What is being asked ▸
The line with "Delicate enough to" marks the first line to copy, and the line with "Блузка умеренного объема, приталенного" marks the last. Transcribe that stretch of the data below exactly, without pictures.

Exercise material ▸
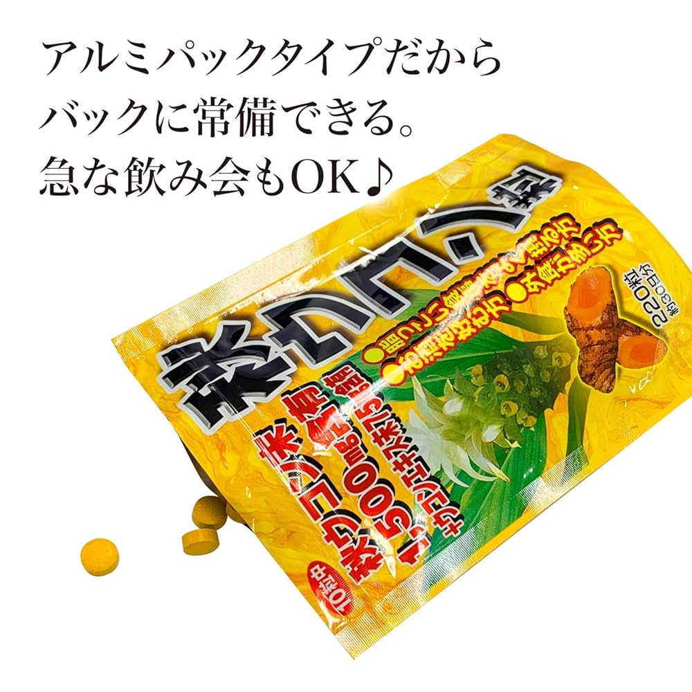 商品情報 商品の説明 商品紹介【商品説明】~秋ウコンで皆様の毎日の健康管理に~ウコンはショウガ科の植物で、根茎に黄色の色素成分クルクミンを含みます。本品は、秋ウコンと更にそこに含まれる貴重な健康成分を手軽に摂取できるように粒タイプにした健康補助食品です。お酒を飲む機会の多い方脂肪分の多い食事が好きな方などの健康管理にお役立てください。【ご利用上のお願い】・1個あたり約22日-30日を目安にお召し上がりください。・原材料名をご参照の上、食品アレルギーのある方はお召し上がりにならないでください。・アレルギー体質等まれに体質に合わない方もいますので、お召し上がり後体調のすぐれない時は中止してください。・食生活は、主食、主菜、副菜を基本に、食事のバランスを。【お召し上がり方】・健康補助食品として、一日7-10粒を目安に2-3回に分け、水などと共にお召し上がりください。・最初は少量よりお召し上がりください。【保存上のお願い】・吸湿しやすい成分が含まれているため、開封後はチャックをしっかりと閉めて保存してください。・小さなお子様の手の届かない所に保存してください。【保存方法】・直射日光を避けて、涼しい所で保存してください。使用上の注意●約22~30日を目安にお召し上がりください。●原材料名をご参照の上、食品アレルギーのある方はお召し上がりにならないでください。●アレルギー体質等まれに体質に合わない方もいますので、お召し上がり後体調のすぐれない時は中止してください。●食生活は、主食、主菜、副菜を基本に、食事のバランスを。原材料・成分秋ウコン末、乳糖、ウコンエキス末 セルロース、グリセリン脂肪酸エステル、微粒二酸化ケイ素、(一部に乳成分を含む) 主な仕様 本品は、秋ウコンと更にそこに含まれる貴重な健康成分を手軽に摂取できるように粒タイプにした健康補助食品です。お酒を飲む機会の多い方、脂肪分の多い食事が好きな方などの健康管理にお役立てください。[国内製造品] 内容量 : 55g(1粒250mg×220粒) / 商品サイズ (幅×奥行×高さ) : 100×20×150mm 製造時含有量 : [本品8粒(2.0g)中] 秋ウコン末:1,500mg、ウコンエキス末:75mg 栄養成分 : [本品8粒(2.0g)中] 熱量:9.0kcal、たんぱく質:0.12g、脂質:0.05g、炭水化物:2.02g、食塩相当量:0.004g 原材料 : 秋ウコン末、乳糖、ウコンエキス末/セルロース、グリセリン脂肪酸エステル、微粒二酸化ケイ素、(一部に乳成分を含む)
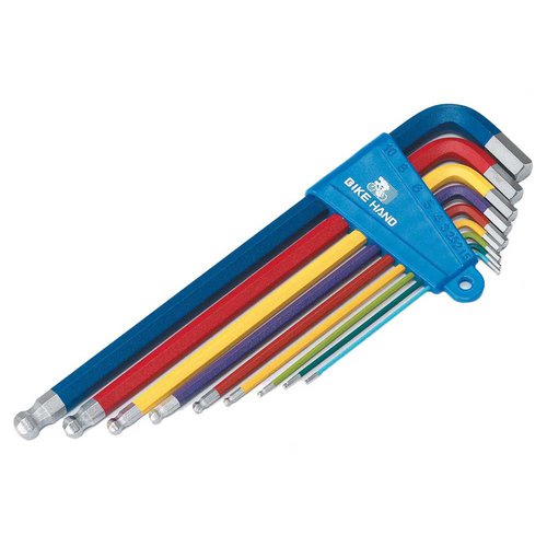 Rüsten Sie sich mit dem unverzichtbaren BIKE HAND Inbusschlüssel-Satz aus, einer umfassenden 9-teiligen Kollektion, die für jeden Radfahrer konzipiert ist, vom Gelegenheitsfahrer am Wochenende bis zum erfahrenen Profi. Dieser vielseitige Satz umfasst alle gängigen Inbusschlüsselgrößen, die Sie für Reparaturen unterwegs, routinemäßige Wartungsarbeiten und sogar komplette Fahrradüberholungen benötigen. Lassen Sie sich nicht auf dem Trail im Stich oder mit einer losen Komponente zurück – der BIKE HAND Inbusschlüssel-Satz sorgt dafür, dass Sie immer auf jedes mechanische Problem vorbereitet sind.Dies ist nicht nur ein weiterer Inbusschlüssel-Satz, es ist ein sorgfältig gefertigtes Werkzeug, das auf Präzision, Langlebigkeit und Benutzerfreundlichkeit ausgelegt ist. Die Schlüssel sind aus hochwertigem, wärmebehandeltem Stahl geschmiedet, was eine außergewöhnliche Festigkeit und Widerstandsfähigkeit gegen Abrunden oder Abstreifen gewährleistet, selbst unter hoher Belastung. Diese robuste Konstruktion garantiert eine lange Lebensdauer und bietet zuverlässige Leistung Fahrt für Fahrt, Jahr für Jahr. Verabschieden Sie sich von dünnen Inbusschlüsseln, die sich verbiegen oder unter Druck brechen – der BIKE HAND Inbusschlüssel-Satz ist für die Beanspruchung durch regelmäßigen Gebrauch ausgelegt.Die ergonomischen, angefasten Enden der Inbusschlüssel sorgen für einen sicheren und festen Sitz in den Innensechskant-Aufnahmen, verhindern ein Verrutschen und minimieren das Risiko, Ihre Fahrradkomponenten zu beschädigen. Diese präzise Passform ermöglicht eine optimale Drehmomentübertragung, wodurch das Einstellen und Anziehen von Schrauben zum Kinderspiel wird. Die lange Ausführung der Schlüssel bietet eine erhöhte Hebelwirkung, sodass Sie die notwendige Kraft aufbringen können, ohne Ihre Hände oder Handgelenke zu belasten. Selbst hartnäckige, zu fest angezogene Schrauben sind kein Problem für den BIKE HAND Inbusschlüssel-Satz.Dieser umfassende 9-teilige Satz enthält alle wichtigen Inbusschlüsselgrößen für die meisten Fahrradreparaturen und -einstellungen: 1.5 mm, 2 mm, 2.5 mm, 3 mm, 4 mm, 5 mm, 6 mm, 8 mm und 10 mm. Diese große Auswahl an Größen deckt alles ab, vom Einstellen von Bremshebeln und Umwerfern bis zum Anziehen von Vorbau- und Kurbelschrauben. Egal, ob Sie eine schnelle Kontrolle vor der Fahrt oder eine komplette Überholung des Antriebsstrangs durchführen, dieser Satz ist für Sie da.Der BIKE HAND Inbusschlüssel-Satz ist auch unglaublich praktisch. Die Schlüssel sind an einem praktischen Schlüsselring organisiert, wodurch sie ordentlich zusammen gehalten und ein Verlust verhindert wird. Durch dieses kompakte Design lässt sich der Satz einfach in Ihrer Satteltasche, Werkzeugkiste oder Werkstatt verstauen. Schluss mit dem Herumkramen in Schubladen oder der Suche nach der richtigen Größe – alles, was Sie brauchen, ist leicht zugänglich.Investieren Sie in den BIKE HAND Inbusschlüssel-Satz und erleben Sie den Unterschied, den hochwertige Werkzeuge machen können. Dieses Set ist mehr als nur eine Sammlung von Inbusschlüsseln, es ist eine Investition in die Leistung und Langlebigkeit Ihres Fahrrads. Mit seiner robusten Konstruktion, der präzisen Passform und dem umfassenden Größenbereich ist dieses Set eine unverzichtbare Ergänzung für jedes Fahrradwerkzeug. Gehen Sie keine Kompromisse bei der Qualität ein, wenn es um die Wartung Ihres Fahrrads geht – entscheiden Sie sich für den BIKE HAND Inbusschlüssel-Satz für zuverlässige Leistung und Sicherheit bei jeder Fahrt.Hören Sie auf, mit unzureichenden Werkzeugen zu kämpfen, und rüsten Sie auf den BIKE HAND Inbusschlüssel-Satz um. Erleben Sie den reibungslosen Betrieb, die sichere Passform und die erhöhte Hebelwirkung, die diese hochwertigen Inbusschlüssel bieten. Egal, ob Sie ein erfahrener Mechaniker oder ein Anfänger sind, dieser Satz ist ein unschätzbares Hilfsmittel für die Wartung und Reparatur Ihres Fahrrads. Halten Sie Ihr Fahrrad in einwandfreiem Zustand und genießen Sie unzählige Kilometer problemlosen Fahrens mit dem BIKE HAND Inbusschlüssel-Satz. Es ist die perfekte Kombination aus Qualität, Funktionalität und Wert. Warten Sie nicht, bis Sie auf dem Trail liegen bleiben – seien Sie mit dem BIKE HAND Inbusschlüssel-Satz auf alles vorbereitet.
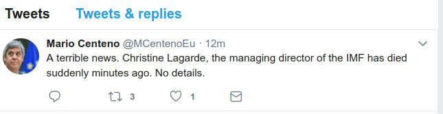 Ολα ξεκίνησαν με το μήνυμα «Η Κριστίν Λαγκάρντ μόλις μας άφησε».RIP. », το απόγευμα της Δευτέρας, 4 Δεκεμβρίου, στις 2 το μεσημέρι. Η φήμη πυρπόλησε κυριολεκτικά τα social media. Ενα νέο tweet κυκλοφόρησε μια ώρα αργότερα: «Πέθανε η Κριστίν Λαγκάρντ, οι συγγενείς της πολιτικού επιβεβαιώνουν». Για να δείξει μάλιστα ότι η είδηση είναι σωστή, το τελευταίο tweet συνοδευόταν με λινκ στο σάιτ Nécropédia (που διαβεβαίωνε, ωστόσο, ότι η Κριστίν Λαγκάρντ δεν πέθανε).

==

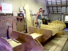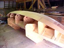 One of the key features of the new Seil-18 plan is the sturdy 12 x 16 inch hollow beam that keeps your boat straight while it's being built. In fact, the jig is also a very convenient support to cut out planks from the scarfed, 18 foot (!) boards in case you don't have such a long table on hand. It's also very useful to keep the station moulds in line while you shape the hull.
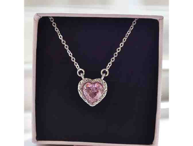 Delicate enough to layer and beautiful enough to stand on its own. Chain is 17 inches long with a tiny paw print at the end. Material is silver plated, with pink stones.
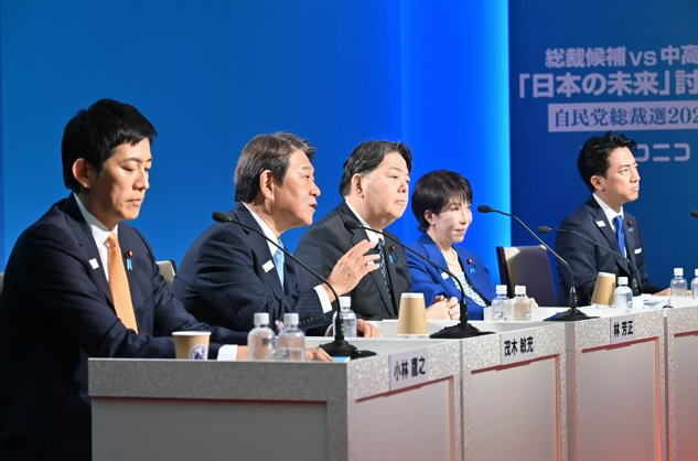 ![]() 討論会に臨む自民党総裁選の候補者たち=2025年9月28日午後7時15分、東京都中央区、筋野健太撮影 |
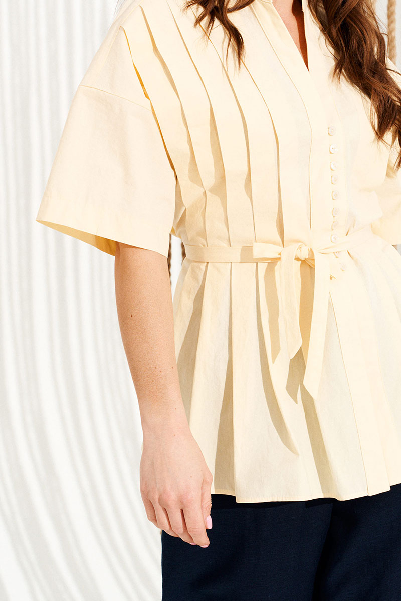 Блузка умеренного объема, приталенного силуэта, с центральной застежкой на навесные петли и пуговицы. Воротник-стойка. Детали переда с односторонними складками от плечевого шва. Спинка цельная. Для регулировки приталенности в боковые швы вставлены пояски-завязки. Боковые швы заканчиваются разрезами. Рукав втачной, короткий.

---

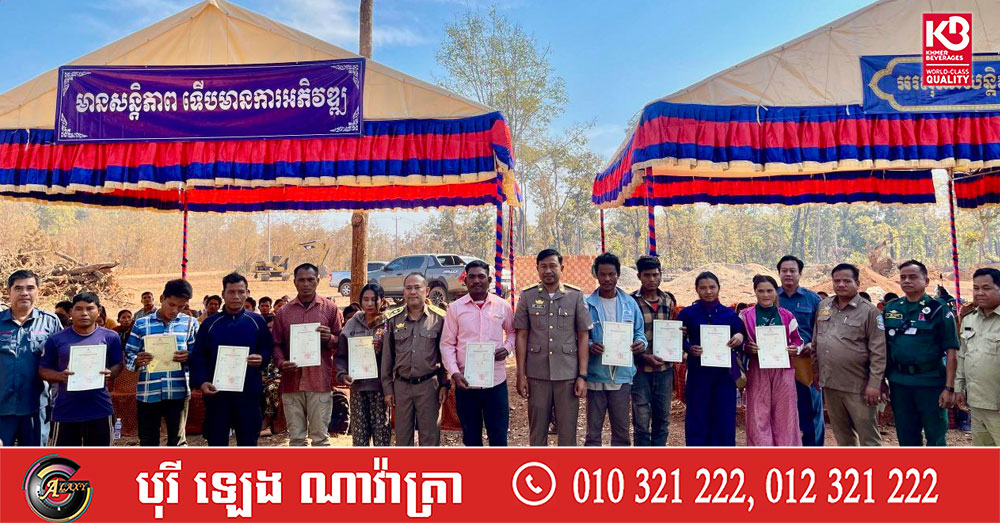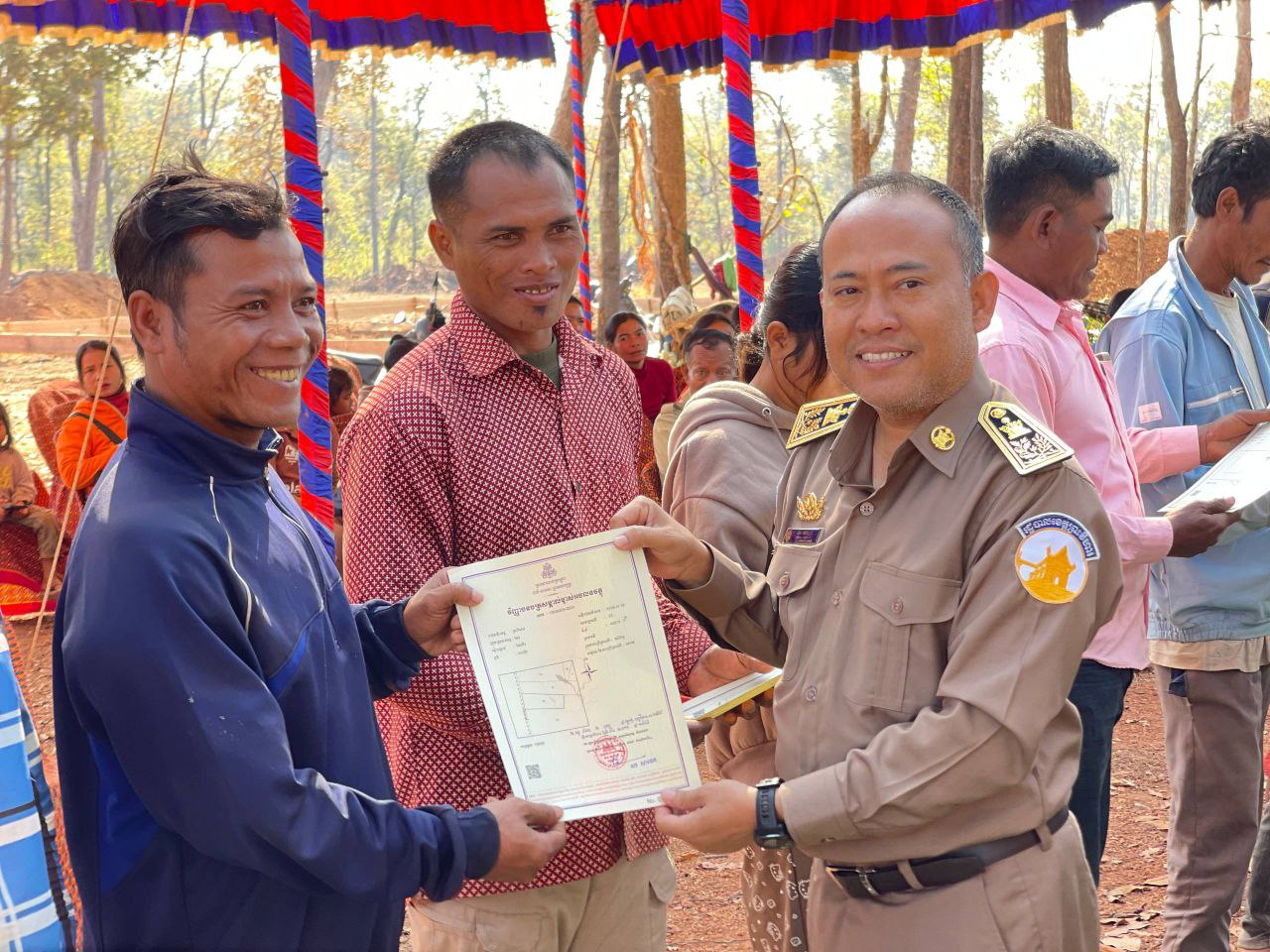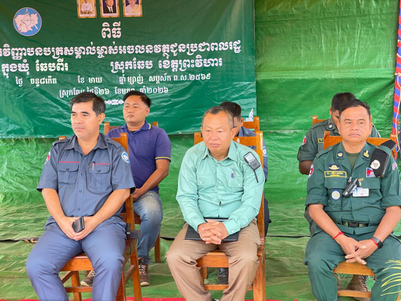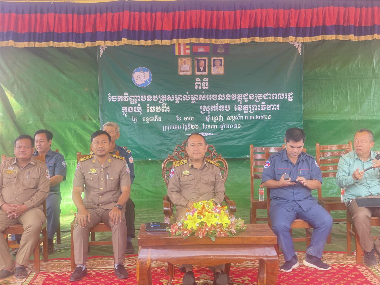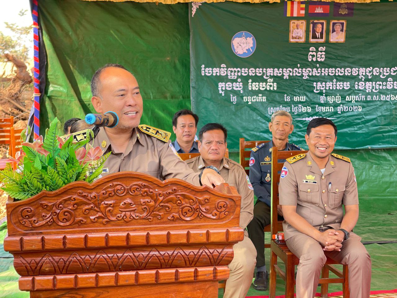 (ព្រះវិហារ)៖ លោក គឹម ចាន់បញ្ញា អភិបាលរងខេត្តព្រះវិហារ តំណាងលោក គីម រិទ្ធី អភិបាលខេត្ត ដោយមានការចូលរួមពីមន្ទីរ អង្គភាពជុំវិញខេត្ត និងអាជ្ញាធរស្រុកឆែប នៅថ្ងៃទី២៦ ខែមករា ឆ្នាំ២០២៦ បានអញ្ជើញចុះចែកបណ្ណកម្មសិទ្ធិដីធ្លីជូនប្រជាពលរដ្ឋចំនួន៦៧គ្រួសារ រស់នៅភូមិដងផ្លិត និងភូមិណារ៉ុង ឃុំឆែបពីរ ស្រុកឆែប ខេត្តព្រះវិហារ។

Written response ▸
 Delicate enough to layer and beautiful enough to stand on its own. Chain is 17 inches long with a tiny paw print at the end. Material is silver plated, with pink stones.
 ![]() 討論会に臨む自民党総裁選の候補者たち=2025年9月28日午後7時15分、東京都中央区、筋野健太撮影 |
 Блузка умеренного объема, приталенного силуэта, с центральной застежкой на навесные петли и пуговицы. Воротник-стойка. Детали переда с односторонними складками от плечевого шва. Спинка цельная. Для регулировки приталенности в боковые швы вставлены пояски-завязки. Боковые швы заканчиваются разрезами. Рукав втачной, короткий.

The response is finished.